They were holding back the metastatic bowel cancer tumours in my liver with targeted antibody infusions every two weeks. I was stable, but the cancer was there. We had run out of options.
A major surgery just for the sake of removing the tumours for a third time would be traumatic and pointless, because we knew they were coming back. Radiation was not possible: I’d had as much as I could.
The drugs, which were keeping the cancer at bay, would have a shelf life. I’d been warned of that. I had loved and lost so many brave friends in the bowel cancer community, I desperately hoped for a different ending to my story.
Despite the odds stacked against me, I was determined to do anything to survive; to see my children grow up above all but also to complete my personal mission as an author and investigative journalist to finish my important book on the links between processed meat and many serious health conditions, including bowel cancer.
A liver transplant was my only chance.
But even this was an extraordinary option that came from a clear, blue sky earlier in the year. A series of incredible coincidences, luck, and new, emerging treatments and research coming together to make the Austin Hospital in Melbourne push forward with changes to their liver transplant protocol, just to try to save my life.
You see, historically metastatic cancer patients haven’t been given transplants in Australia — in very few countries around the world, for that matter.
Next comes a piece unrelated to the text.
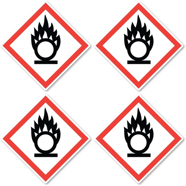 Fire Promoting Danger Symbol UN/GHS Hazard Pictogram Sticker 10cm Pack of 4

It’s very new. It worries even the surgeons. Because the livers are naturally such a precious resource they cannot risk giving them to anyone who might not be able to bear them for long, when it could give someone else an entire lifetime. They have to make strict ethical decisions.
The reason it came to pass was just before Christmas 2023 I had been told I had seven new liver tumours just before I flew to England. Thankfully, I dropped a line to a cancer friend, a young barber named Mitch, who lives in Gippsland, Victoria.
By chance, a few years earlier, he’d got in touch because I wrote an article during Melbourne’s stage-four lockdown about what it was like trying to also deal with stage-four cancer. It was the exact advanced bowel cancer Mitch had. He was also battling to survive with similar treatments.
For some reason, I just wanted to know how he was. ‘How’s it going?’ I wrote to him in the Instagram message. ‘How are you?’
Thankfully, he’s a young chap and quick to respond.
‘Oh, Lucie, great to hear from you. I’m amazing. I’ve just become the first man in Australia to have a liver transplant with stage-four bowel cancer.’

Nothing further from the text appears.